=== Work to be completed ===
Count lines, not occurrences: report how many lines in the records hold the string "access", and nothing else.

=== Provided data ===
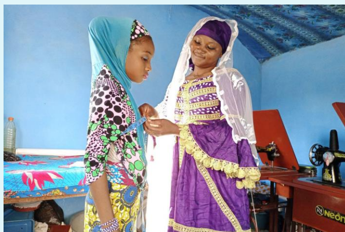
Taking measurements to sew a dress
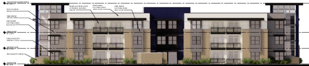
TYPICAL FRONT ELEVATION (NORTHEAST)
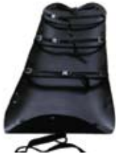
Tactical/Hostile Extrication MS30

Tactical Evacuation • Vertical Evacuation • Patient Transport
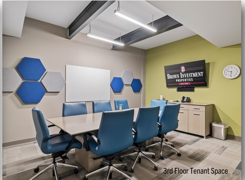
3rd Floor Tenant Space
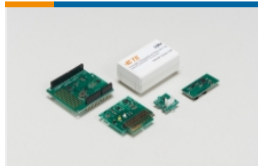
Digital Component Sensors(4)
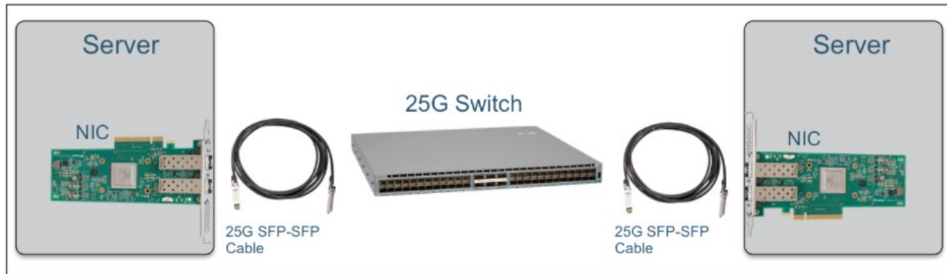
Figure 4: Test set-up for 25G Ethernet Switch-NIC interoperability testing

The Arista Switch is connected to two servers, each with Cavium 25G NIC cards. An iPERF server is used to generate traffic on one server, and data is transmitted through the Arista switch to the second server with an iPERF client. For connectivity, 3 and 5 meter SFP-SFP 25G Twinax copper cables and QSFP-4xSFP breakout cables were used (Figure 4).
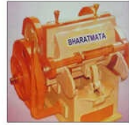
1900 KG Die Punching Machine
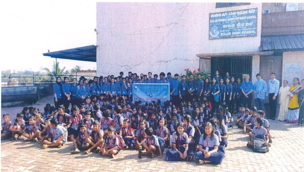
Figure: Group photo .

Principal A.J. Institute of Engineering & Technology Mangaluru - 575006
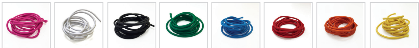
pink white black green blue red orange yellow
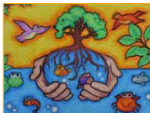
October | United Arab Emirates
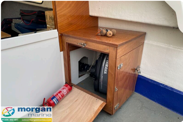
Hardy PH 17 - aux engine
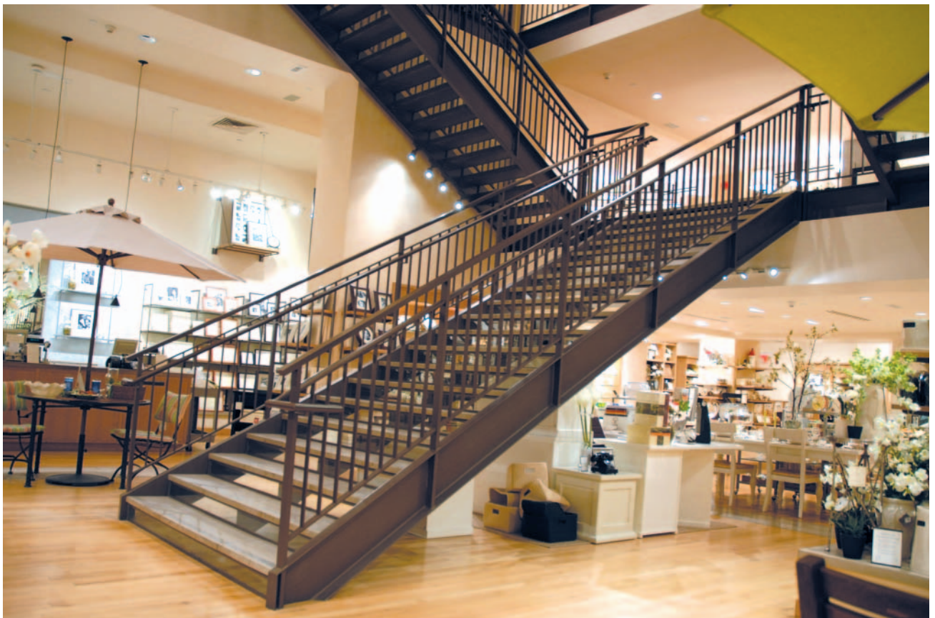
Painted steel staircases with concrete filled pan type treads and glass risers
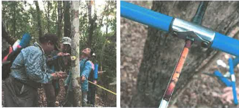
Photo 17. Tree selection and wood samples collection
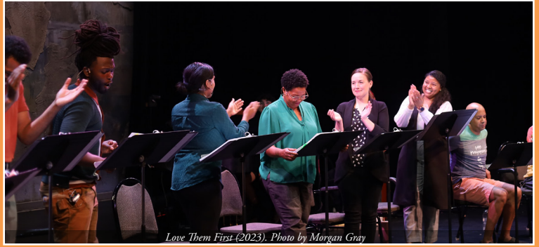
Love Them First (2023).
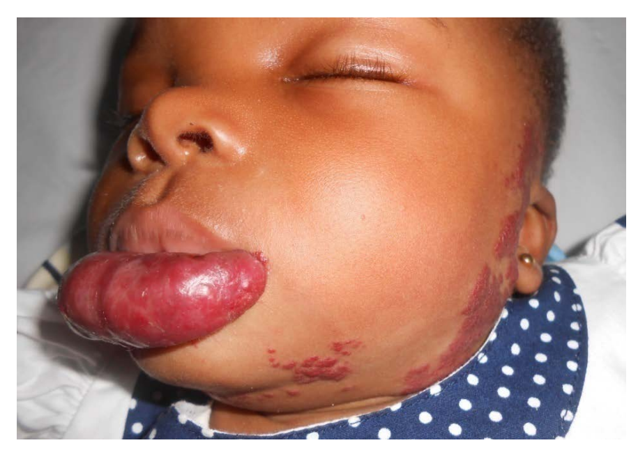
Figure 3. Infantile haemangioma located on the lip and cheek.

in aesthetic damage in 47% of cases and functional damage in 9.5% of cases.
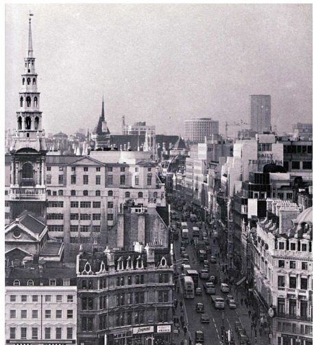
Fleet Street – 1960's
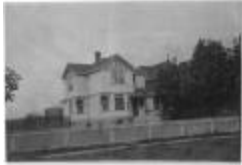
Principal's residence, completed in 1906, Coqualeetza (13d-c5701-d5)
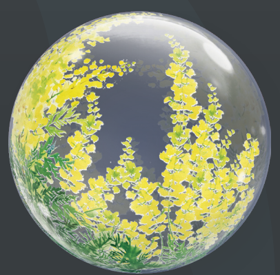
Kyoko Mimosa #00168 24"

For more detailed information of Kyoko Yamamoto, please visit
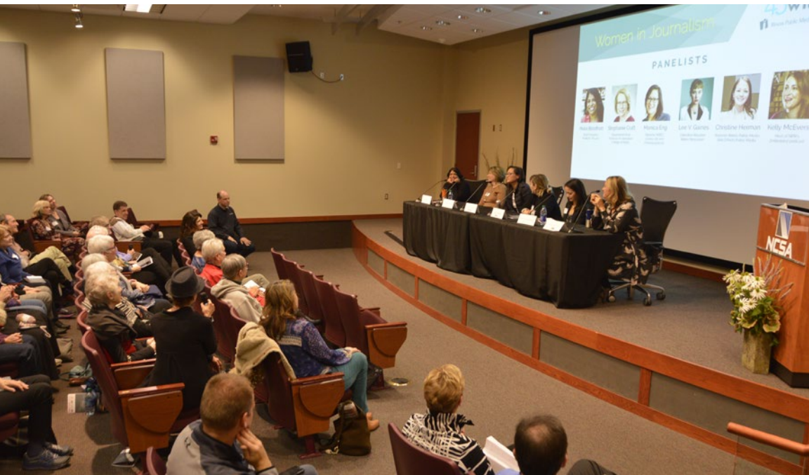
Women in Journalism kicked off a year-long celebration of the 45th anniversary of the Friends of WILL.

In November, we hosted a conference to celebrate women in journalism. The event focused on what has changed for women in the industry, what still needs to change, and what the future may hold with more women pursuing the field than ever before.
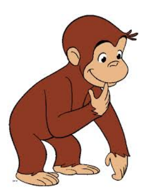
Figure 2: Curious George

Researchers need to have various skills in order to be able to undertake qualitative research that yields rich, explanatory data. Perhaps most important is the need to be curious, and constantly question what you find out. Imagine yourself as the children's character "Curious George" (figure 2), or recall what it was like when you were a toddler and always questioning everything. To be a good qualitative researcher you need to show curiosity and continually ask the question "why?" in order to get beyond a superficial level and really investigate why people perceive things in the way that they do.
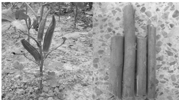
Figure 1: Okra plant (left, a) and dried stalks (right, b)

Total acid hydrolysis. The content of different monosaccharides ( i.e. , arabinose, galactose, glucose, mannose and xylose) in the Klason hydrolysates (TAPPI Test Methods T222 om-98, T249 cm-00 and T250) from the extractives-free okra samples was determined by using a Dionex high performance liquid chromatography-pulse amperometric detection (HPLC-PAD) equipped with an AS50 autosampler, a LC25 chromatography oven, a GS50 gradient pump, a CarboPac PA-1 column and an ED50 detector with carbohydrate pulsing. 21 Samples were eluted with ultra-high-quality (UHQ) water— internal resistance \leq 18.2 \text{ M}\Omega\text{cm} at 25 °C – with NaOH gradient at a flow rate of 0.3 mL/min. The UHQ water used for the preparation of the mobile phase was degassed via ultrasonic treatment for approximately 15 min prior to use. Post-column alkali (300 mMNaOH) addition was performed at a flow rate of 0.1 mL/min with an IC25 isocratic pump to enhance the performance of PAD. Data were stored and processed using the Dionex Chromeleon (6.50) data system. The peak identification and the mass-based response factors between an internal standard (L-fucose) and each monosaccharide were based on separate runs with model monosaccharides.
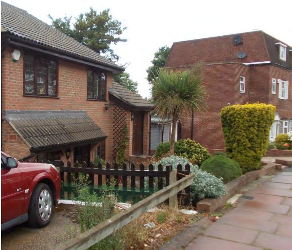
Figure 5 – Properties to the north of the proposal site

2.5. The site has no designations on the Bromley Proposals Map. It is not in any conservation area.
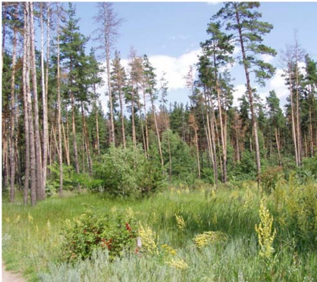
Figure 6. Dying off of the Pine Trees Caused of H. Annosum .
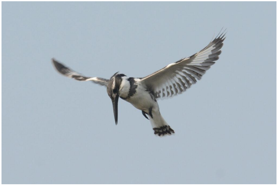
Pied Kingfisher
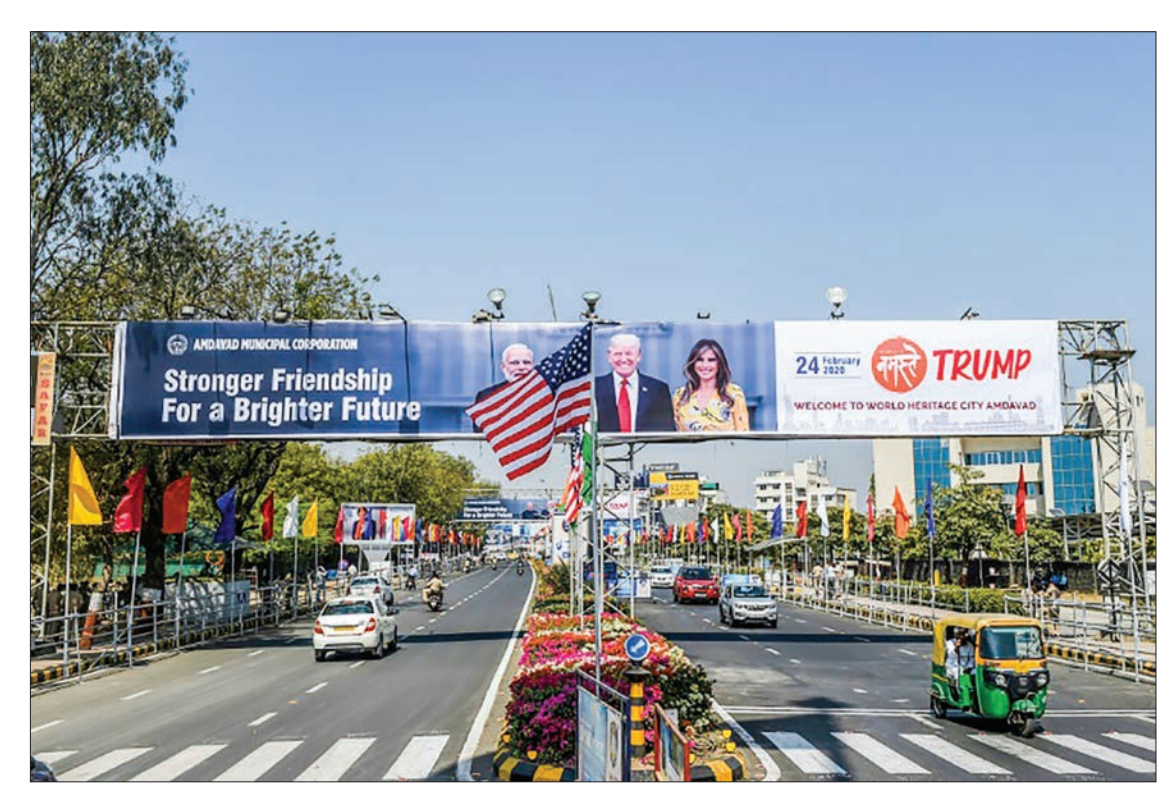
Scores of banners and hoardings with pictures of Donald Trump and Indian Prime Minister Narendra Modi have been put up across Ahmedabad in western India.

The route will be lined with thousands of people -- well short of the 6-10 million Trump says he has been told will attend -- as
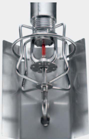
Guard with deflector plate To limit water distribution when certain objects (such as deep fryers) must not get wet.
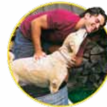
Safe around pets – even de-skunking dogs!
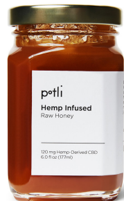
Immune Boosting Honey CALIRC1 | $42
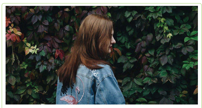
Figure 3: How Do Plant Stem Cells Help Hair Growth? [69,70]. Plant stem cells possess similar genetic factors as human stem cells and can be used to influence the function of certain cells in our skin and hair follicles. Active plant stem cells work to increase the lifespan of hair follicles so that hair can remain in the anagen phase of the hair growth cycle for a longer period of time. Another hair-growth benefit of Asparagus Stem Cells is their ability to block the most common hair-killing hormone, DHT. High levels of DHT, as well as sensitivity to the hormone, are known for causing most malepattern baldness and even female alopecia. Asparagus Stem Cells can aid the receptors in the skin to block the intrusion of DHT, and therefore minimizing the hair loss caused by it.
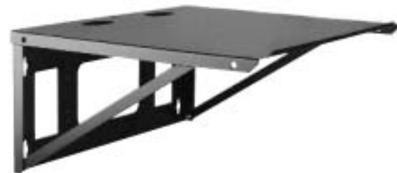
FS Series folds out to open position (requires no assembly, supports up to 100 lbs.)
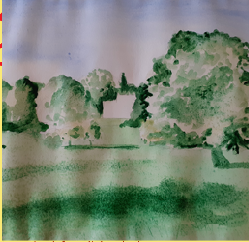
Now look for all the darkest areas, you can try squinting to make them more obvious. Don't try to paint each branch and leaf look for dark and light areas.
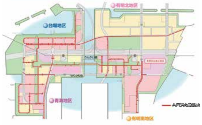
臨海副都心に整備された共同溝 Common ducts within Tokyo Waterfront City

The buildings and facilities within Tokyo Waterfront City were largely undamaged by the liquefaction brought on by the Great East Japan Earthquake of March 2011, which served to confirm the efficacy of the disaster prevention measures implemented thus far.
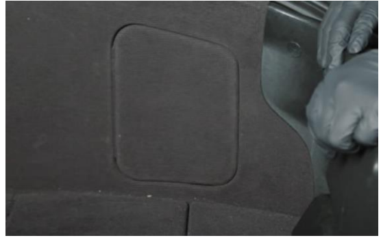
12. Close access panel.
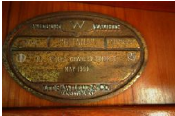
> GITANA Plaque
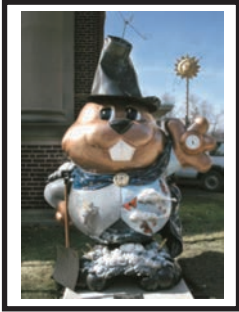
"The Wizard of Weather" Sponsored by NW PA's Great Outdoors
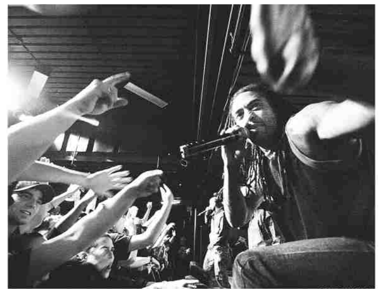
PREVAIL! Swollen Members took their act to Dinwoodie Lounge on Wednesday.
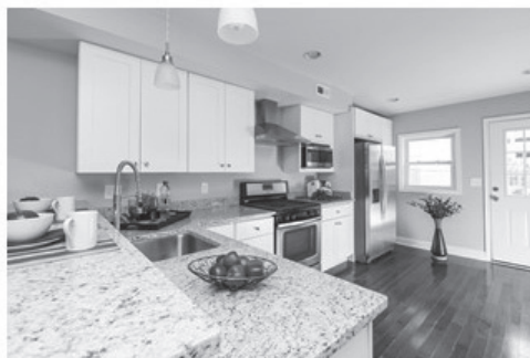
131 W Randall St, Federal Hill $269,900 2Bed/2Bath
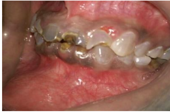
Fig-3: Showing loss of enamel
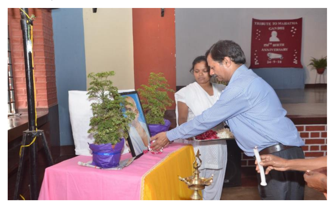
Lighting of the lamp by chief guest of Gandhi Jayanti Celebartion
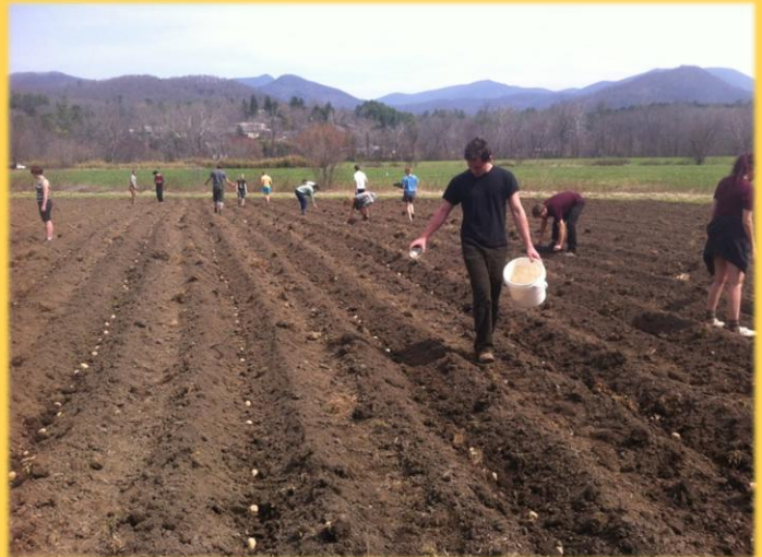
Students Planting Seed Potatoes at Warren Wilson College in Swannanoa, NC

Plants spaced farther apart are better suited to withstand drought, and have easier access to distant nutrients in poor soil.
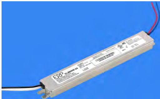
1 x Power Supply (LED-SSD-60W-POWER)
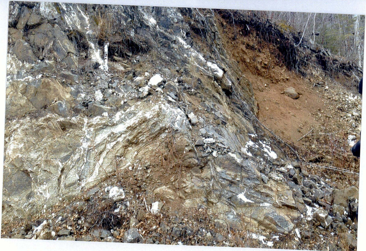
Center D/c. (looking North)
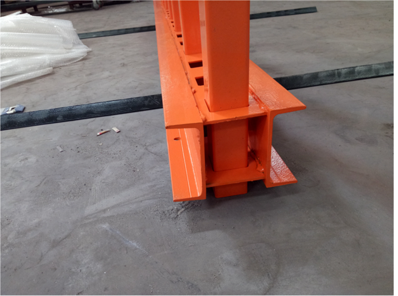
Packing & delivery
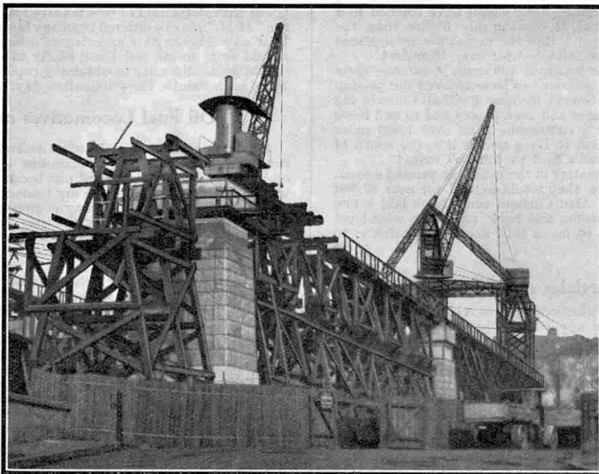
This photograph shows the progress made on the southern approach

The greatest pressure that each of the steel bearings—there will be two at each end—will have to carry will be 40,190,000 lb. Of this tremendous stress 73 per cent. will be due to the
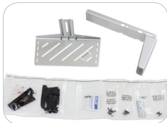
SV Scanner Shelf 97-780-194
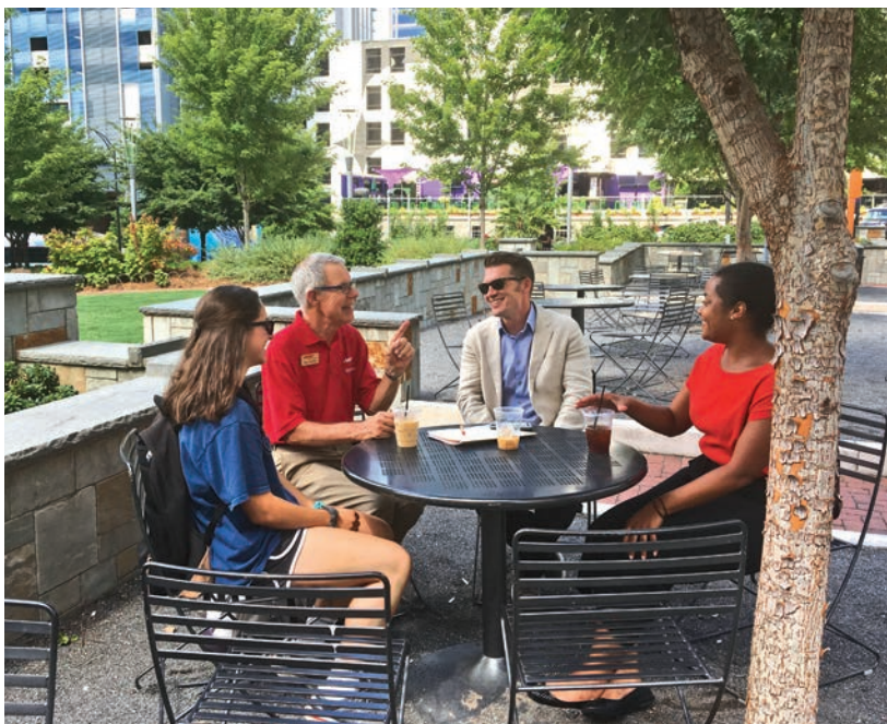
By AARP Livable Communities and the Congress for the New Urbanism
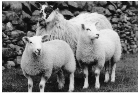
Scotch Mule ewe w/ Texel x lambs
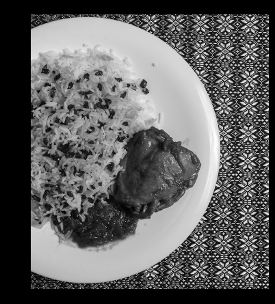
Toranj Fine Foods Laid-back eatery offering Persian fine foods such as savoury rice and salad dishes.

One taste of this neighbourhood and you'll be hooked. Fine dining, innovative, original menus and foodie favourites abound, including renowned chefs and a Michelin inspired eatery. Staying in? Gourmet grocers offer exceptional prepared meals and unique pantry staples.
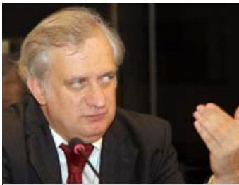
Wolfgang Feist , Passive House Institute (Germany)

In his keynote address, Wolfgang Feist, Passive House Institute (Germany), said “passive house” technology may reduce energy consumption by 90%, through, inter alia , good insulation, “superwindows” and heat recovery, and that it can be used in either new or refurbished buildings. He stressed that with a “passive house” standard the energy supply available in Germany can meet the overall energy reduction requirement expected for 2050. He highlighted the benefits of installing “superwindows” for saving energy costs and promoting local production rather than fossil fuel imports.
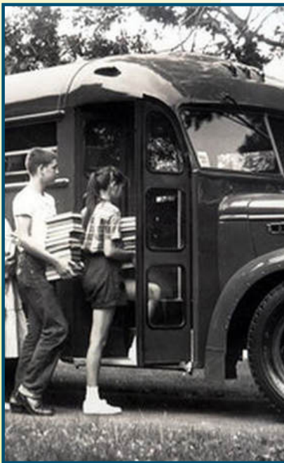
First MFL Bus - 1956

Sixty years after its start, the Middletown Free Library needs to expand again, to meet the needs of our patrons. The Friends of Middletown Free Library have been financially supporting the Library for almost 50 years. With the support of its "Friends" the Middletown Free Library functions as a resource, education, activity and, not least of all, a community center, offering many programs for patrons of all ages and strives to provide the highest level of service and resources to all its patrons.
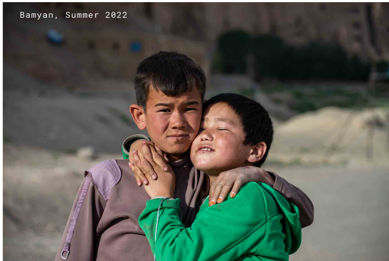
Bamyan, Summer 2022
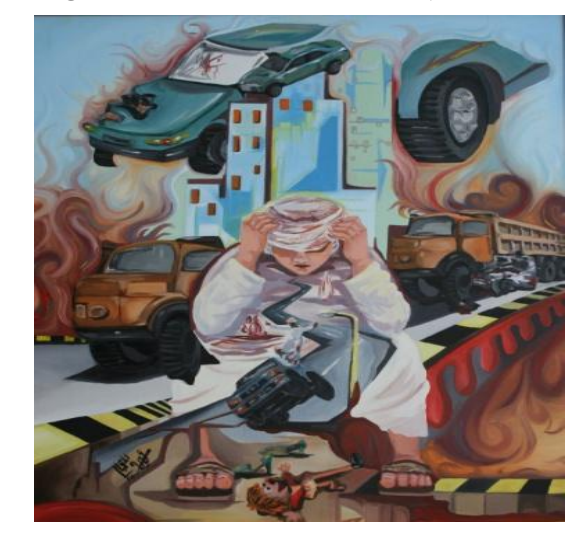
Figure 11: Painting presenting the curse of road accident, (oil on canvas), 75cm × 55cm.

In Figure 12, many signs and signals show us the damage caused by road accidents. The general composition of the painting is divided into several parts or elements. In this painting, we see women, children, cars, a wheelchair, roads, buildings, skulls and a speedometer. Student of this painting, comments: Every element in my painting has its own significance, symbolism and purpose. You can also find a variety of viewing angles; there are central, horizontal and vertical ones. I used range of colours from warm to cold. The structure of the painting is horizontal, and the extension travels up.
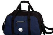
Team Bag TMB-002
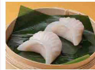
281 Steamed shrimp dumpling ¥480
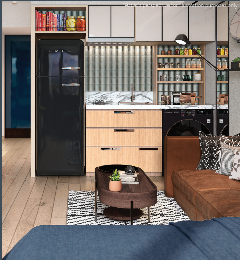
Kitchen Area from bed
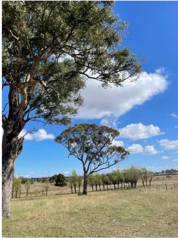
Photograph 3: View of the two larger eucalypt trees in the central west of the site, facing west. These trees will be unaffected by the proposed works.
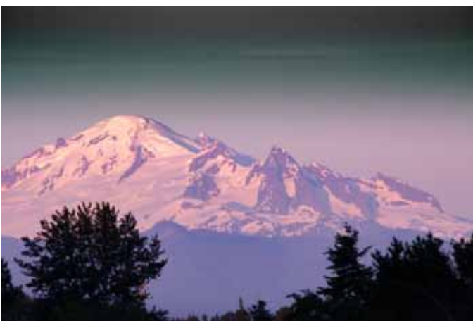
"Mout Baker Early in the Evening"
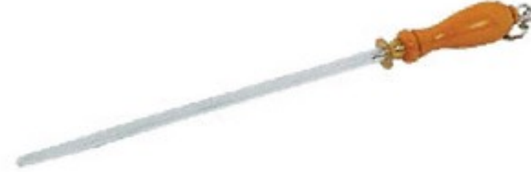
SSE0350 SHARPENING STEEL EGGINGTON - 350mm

=== Written reply ===
2